Azobenzenes for the development of therapeutics

Abstract

Azobenzenes are photochromic molecules, commonly utilised for their ability to undergo light-mediated isomerisation. This unique property enables them to modulate biological systems upon their incorporation. Chapter 1 explores the utilisation of azobenzenes for peptide stapling, that has gained notable interest for therapeutic applications. However, many reported methodologies rely on the use of tissue-damaging UV light. Recent approaches that minimise the dependence on UV light have been successful at adjusting peptide conformation but fell short in achieving a significant modulation of the biological activity between the peptide isomer forms. Our work describes the development of novel azobenzene systems primed for peptide stapling via cysteine-SNAr. Specifically, a tetra-ortho-chloro azobenzene motif that can undergo bi-directional visible- light mediated isomerisation. As a proof-of-concept, we employed this newly developed peptide stapling methodology to target the disruption of p53/MDM2 protein-protein interaction.
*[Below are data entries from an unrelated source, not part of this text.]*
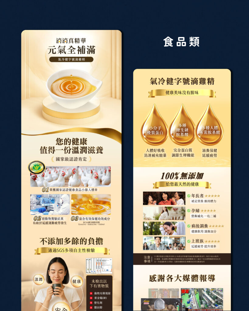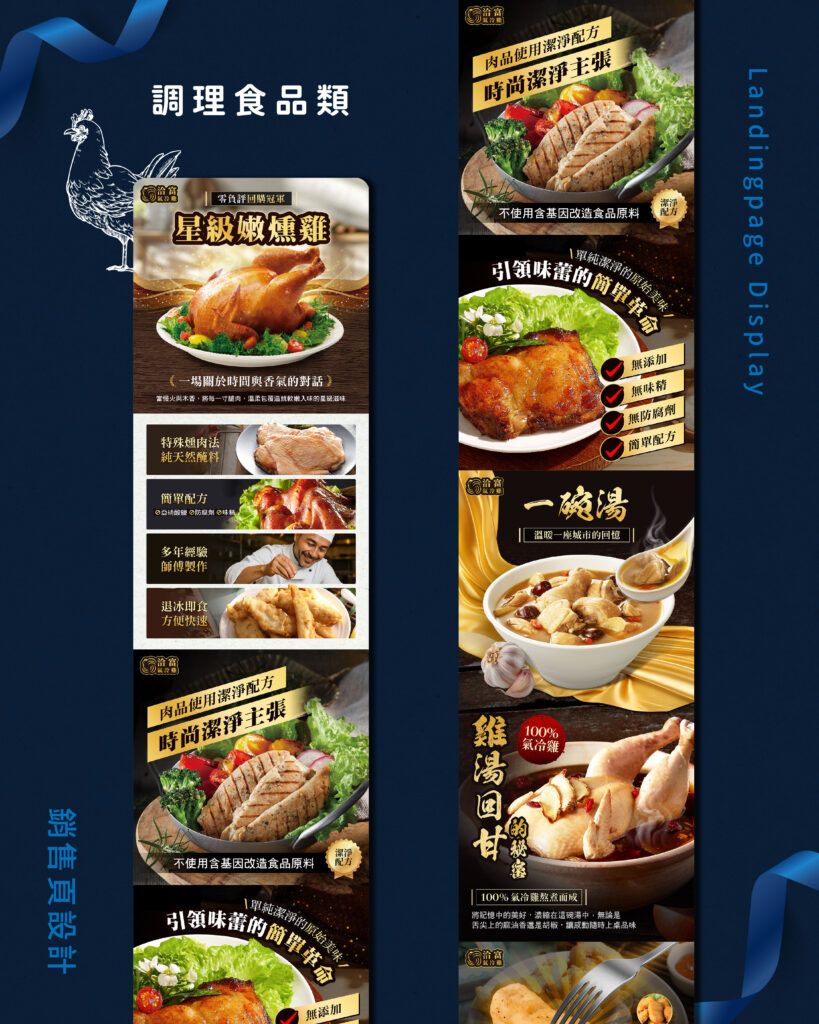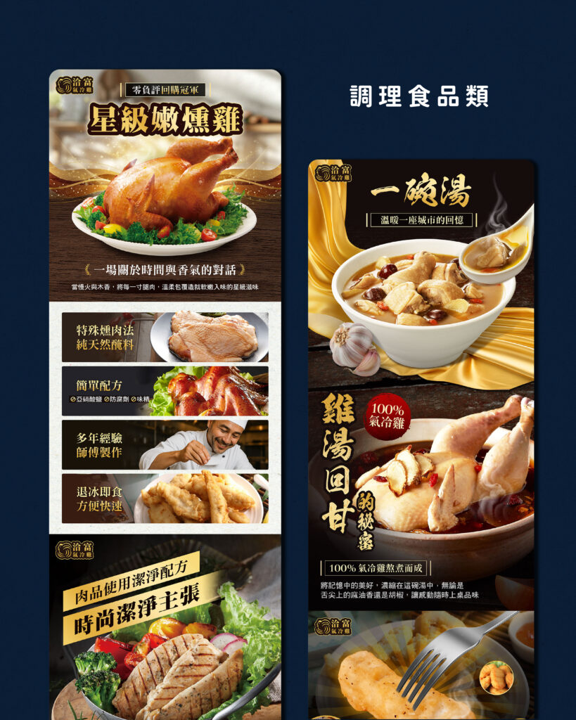先為人氣商品「氣冷生鮮肉品」、「舒肥雞胸」、「氣冷滴雞精」、「調理食品」定調設計語言,再將詳細的產品資訊轉化為直覺易懂的圖像語言,讓消費者能一眼理解差異、快速建立信任。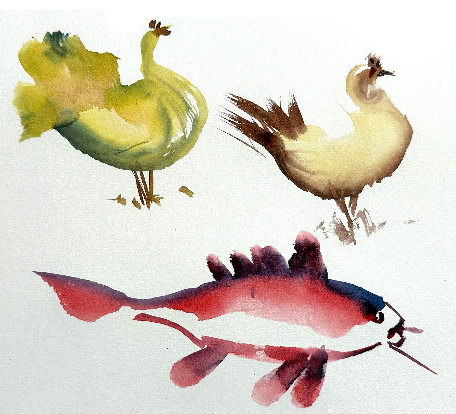 After a challenging exercise last week, this one is playful and creative. I’ve always admired the calligraphic approach to watercolour and am in awe of the many masters, both ancient and contemporary, who practice this style.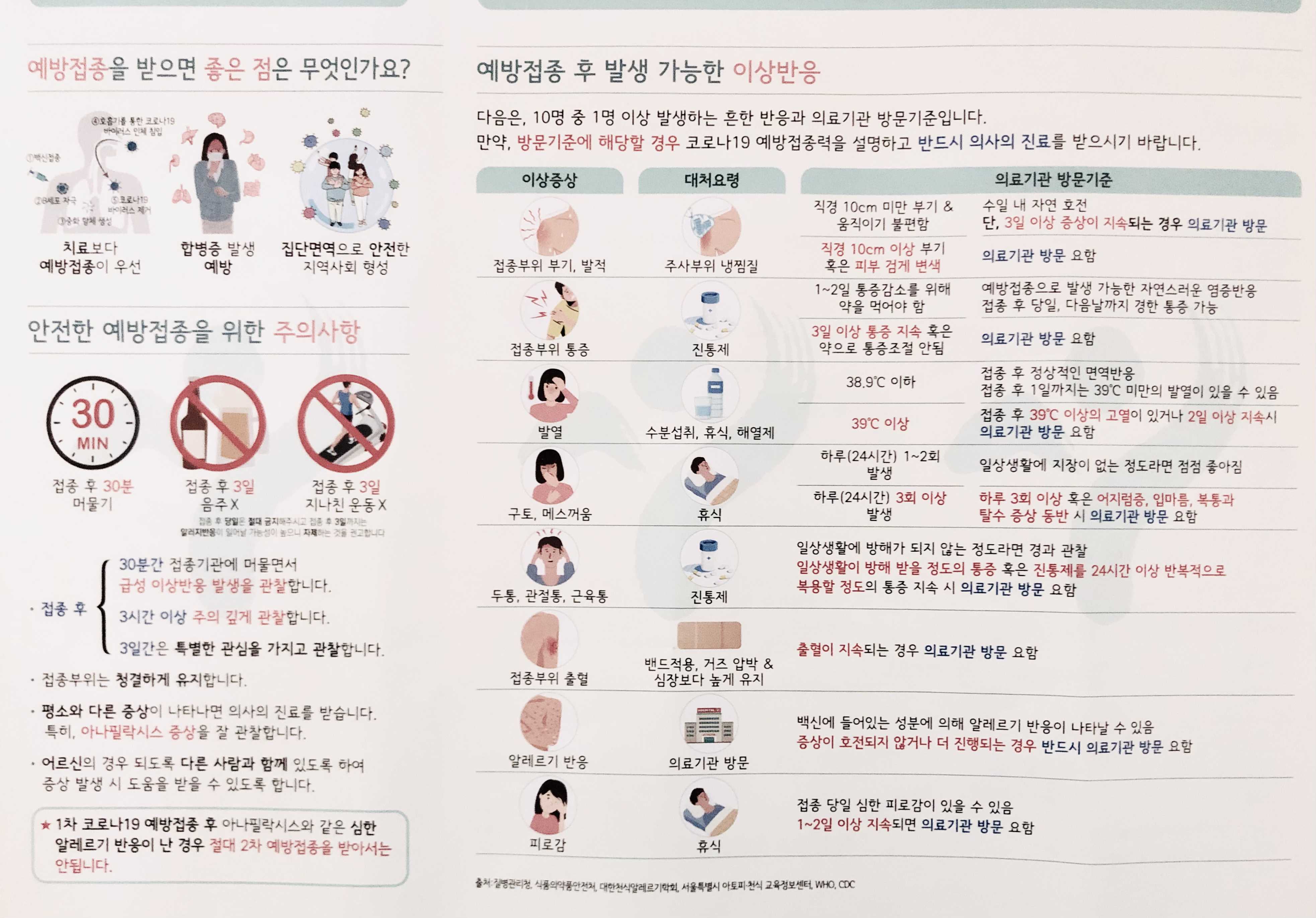 백신 접종 전 해야 할 일, 접종 시 작성하는 것, 접종 후 주의사항 등을 알려드릴게요.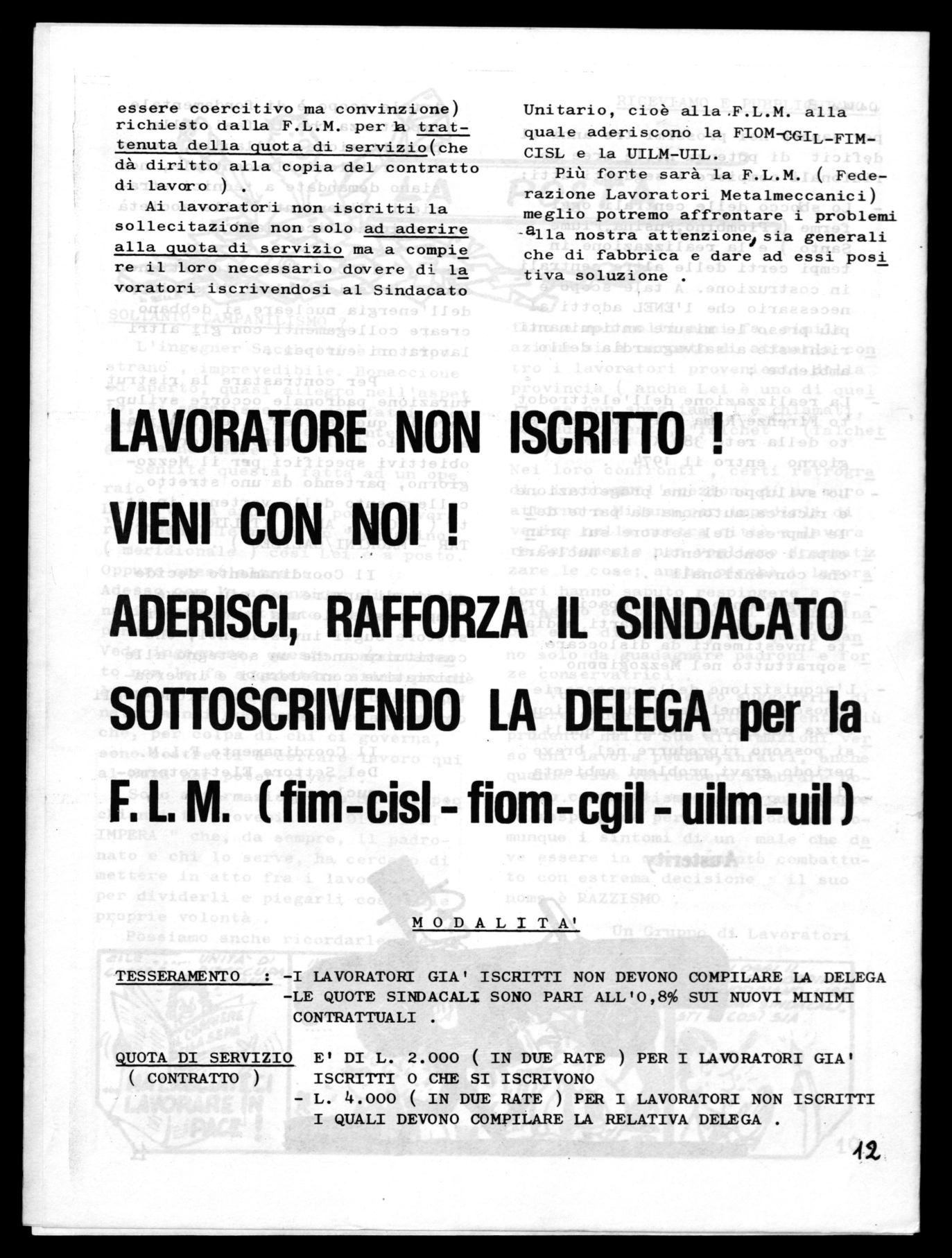 Più forte sarà la F.L.M. ( Federazione Lavoratori Metalmeccanici) meglio potremo affrontare i problemi - alla nostra attenzionei sia generali che di fabbrica e dare ad essi posi tiva soluzione .

Through competitive fluorescence polarisation, a substantial discrepancy in binding affinity was observed between each isomer for the p53-interacting domain of human MDM2. Chapter 2 explores the applicability of azobenzenes for the development of antibody-drug conjugates (ADCs), a rapidly growing class of targeted cancer therapeutics. Previous reports have shown that ortho-methoxy azobenzenes undergo reductive cleavage in reducing environments, making them ideal candidates for the development of novel GSH-cleavable ADCs, responsive to elevated GSH levels present in the tumour microenvironment. Currently, such ADCs exclusively rely on reducible disulfides, that often suffer from instability in circulation. Our initial work describes the development of a model azobenzene-fluorophore system that readily undergoes selective release of the probe at elevated GSH levels but remains stable at low GSH levels and absence of GSH. Subsequent incorporation of the azobenzene motif, bearing a cytotoxic payload, into an anti-HER2 trastuzumab antibody afforded a novel GSH-cleavable ADC that demonstrated selectivity towards HER2-positive cell lines, with a wide therapeutic window.